- [Task to carry out]
Every line from the one holding "2011.9 久々の早朝の骨董市は、掘り出し物が沢山ありました。 今回は、小瓶やゼンマイ等、小物目当てでしたが" through the one holding "Maritime, France |" in the data below must be returned exactly, both ends included, with pictures left out and nothing else added.
-- Task inputs follows --
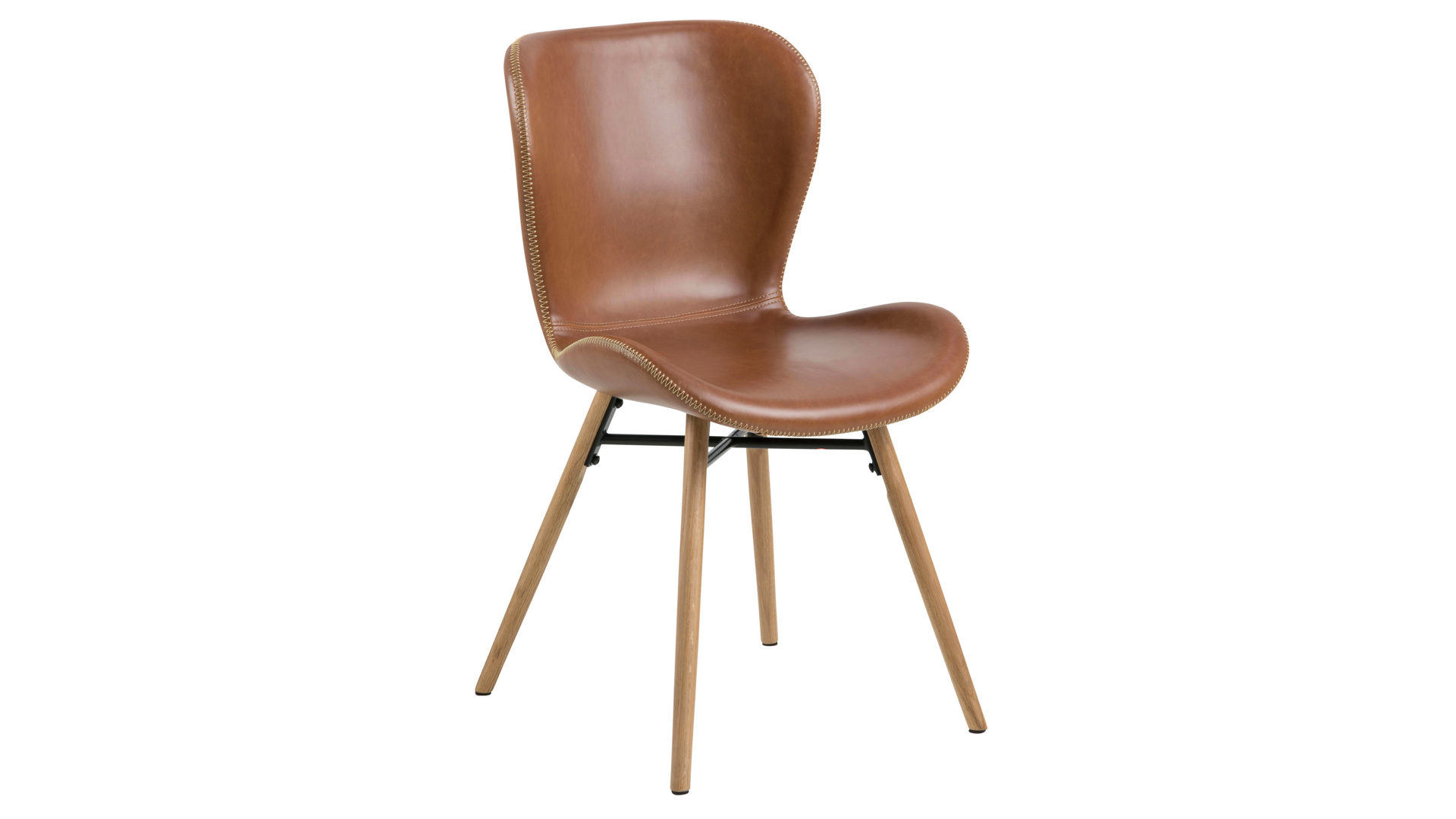 Der Vierfußstuhl verbindet schlicht-moderne Eleganz mit ausgewählten natürlich-warmen Details. Vier geölte Eichenholzfüße bilden die stabilisierende Basis - sie strahlen einladende Gemütlichkeit aus. Das schwarz lackierte Metallkreuz, das die Füße robust zusammenhält, sorgt für einen attraktiven Hell-Dunkel-Kontrast und setzt damit einen herrlichen Akzent. Bezogen ist der hochwertig verarbeitete Stuhl mit Kunstleder in nobler Cognacfarbe. Ein weiteres visuelles Highlight ist die umlaufende Ziernaht.
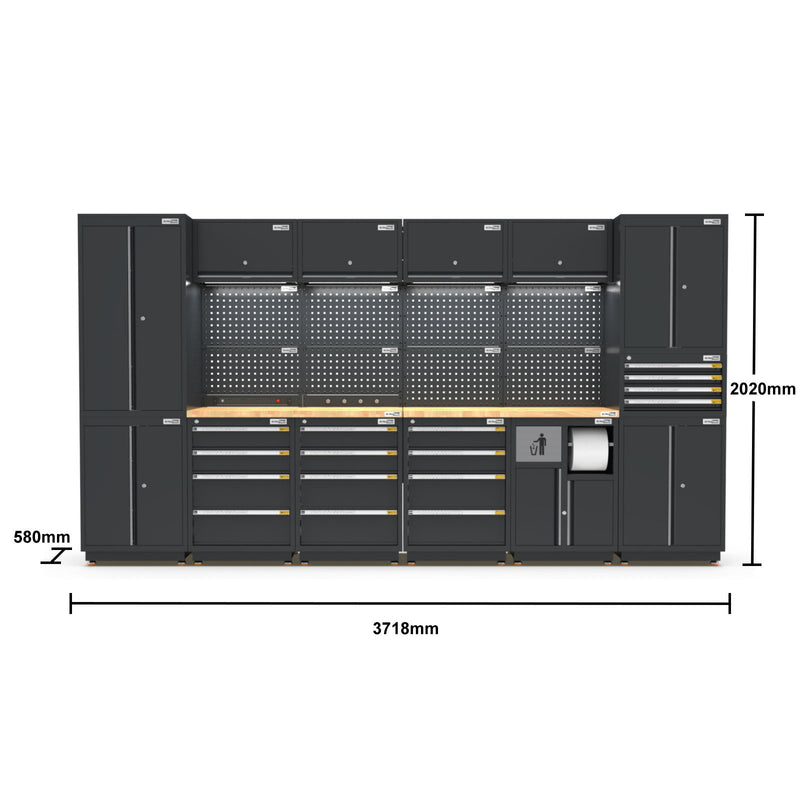 UltraTools 3718mm x 580mm x 2020mm Black Semi-Industrial Workshop Garage Storage System
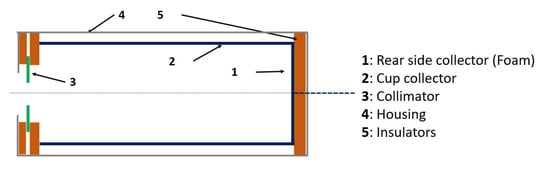 In this study, FCs with collimator diameters of 10, 7, 5, 3 and 1 mm have been built. A large orifice collimator minimizes the impact of the neutral gas inside the cup. As a FC is collimated, the collection solid angle is below 2, contrary to a planar probe, therefore a fraction of the thermal ion current is not captured [16,17]. Nevertheless, a collimator has a key role to define the velocity vector of ions entering the device. Moreover, the collimator also limits the ion flux, which avoids saturation of the measurement signal when the FC is placed in the center of the ion beam, especially for high-power EP devices. A schematic view of the FC is shown in Figure 4. The FC assembly is composed of 5 different parts.
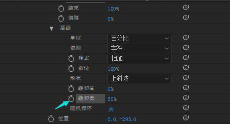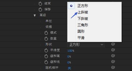 7、然后展開范圍選擇器,為了讓它的隨機性更隨機一點,這里是控制所有添加的動畫效果。點開形狀,可以選擇文字下落的方式,上斜坡的文字掉落方式可能會比較柔和一點。
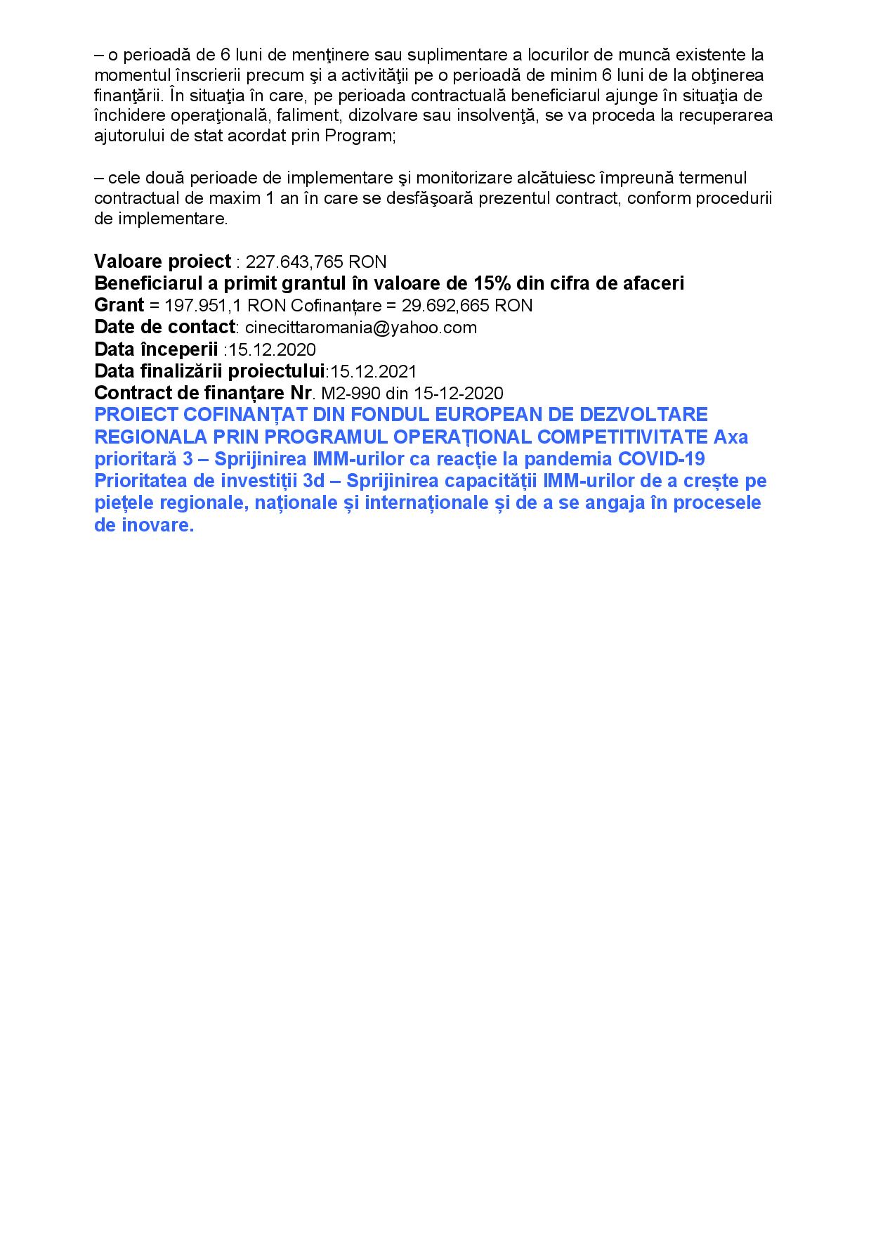 Contract de finanțare Nr. M2-990 din 15-12-2020
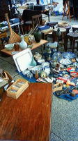 2011.9 久々の早朝の骨董市は、掘り出し物が沢山ありました。 今回は、小瓶やゼンマイ等、小物目当てでしたが 「アメリカの天井に貼ってあった」と言わらたトタン?の板は嬉しい収穫でした。 この週末は、地方の友達も遊びに来ていたので この後、三崎までランチ☆ 三崎の器屋さんにも似たような板が売られていました。 私が知らなかっただけで最近流行っているのでしょうか? その後も鎌倉の古道具屋さん等を回り ヘトヘトになりながらも楽しい週末でした。 |
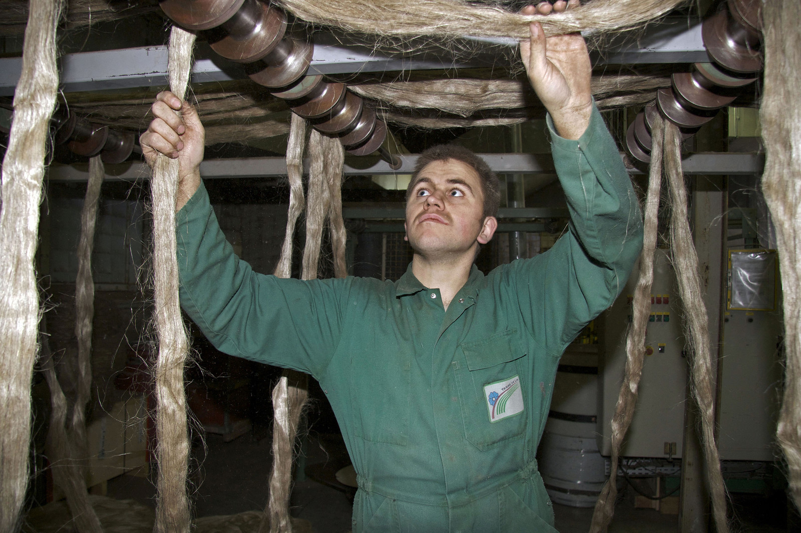 | Description | Alain Cordier, disentangles slivers of hackled flax coming out of the end of the hackling line, Terre de Lin, Saint Pierre le Viger, Seine Maritime, France |
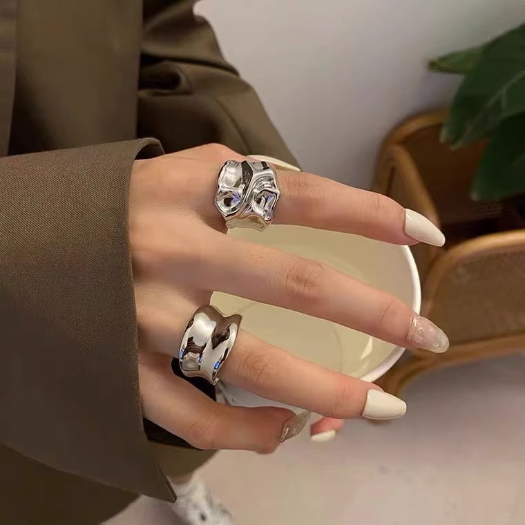 新款凹槽镜面开口戒指女ins时尚百搭小众设计食指戒个性网红指环
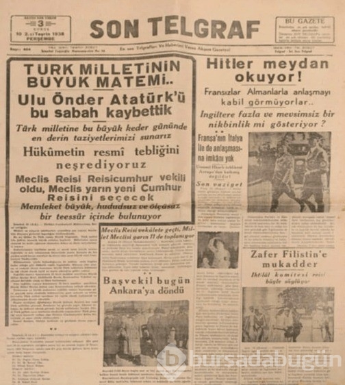 Son Telgraf gazetesi de büyük acıyı 10 Kasım'da yaptığı ikinci baskı ile duyurdu. "Türk Milletinin Büyük Matemi..." başlığıyla verilen haberde, "Ulu Önder Atatürk'ü bu sabah kaybettik. Türk milletine bu büyük keder gününde en derin taziyelerimizi sunarız." ifadeleri yer al.
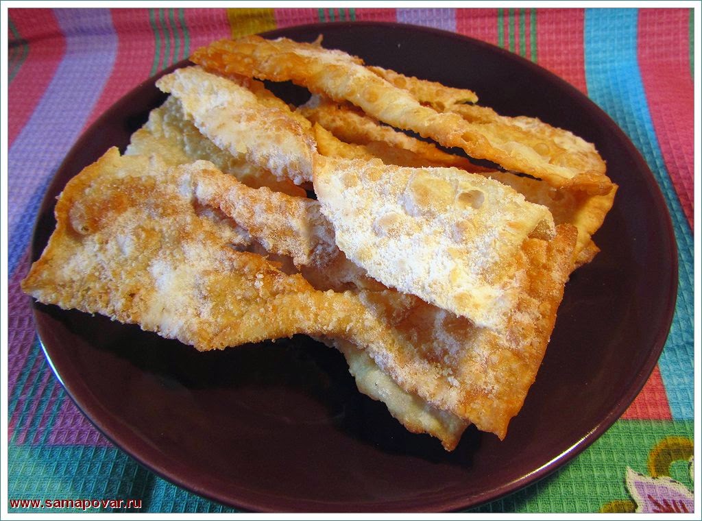 На 200г пшеничной муки – 1 яйцо, 0,5 стакана 20% сметаны, 1 ст. л. сахарного песка, цедра 1 лимона, 2 ст. л. водки. Растительное масло без запаха для фритюра.
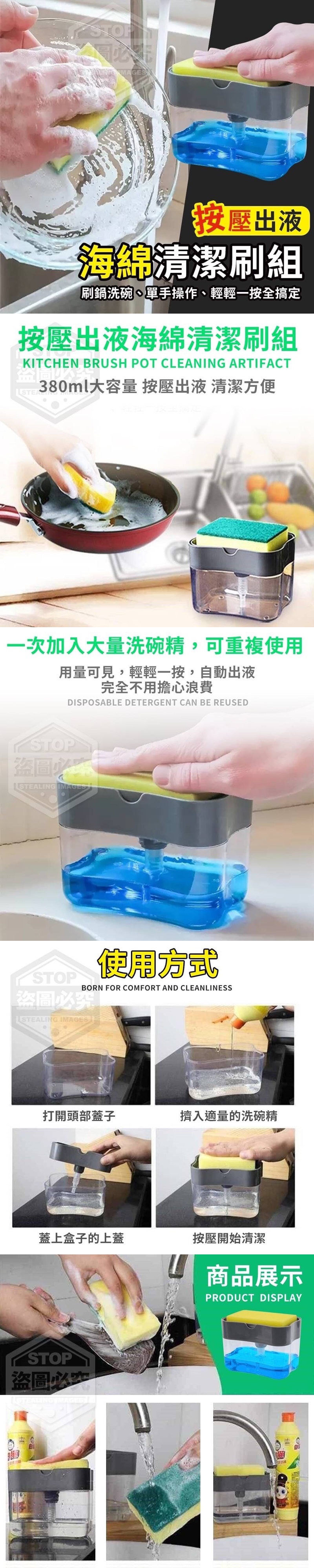 【商品容量】380ml 【商品說明】- 按壓出液海綿清潔刷組,380ml大容量 用量可見,輕輕一按,自動出液 完全不用擔心浪費,一次加入大量洗碗精 清潔方便告別繁瑣,刷鍋洗碗也能很輕鬆 單手操作、輕鬆搞定廚房清潔!
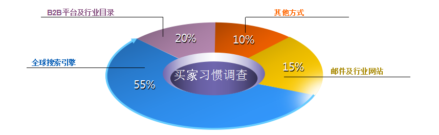 加拿大“Enquiro Search Solutiosn”,曾做过B2B电子商务研究报告报告,报告显示,买家在通过互联网查找供应商时会把约55%左右的精力放在GOOGLE等通用搜索引擎上,约20%左右的精力放在B2B平台上,约15%左右的精力放在邮件及行业网站上,还有约10%左右的精力放在其他途径上。
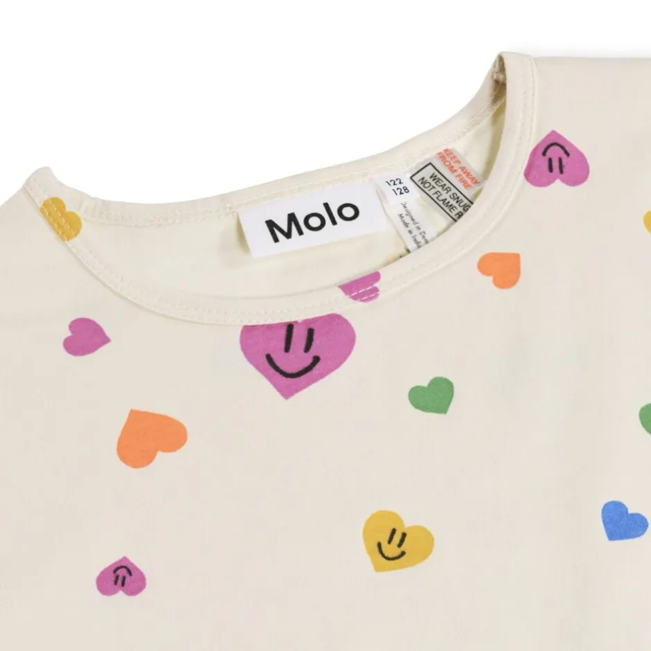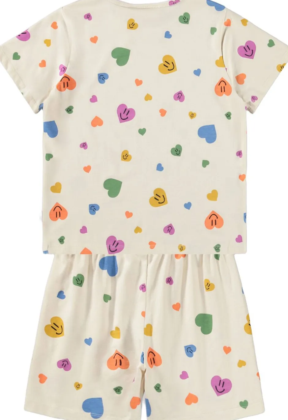 Lækkert nattøj med korte ærmer og ben, fremstillet i blødt, strækbart bomuld. Dette todelte sæt inkluderer en løs t-shirt med rund hals og shorts med elastik i taljen for optimal komfort. Det festlige print af smilende hjerter gør det til et sjovt valg til sengen, som både børn og forældre vil elske. Perfekt til afslappede nætter og hyggelige stunder.
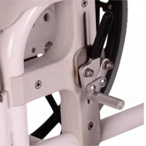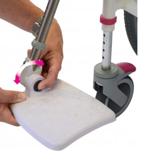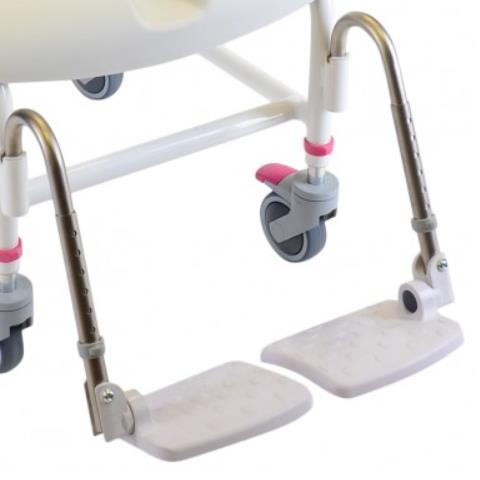 Krzesła prysznicowe Nielsen Line są standardowo wyposażone w regulowane podnóżki. Oparcie z elastycznego plastiku. Alternatywna wersja z oparciem z siatki - model 313031. Wersja bez kół - model 313030.
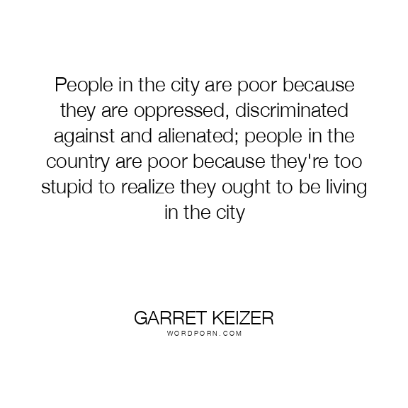 People in the city are poor because they are oppressed, discriminated against and alienated; people in the country are poor because they're too stupid to realize they ought to be living in the city
-- Task inputs concluded --
- [Answer to this task]
 2011.9 久々の早朝の骨董市は、掘り出し物が沢山ありました。 今回は、小瓶やゼンマイ等、小物目当てでしたが 「アメリカの天井に貼ってあった」と言わらたトタン?の板は嬉しい収穫でした。 この週末は、地方の友達も遊びに来ていたので この後、三崎までランチ☆ 三崎の器屋さんにも似たような板が売られていました。 私が知らなかっただけで最近流行っているのでしょうか? その後も鎌倉の古道具屋さん等を回り ヘトヘトになりながらも楽しい週末でした。 |
 | Description | Alain Cordier, disentangles slivers of hackled flax coming out of the end of the hackling line, Terre de Lin, Saint Pierre le Viger, Seine Maritime, France |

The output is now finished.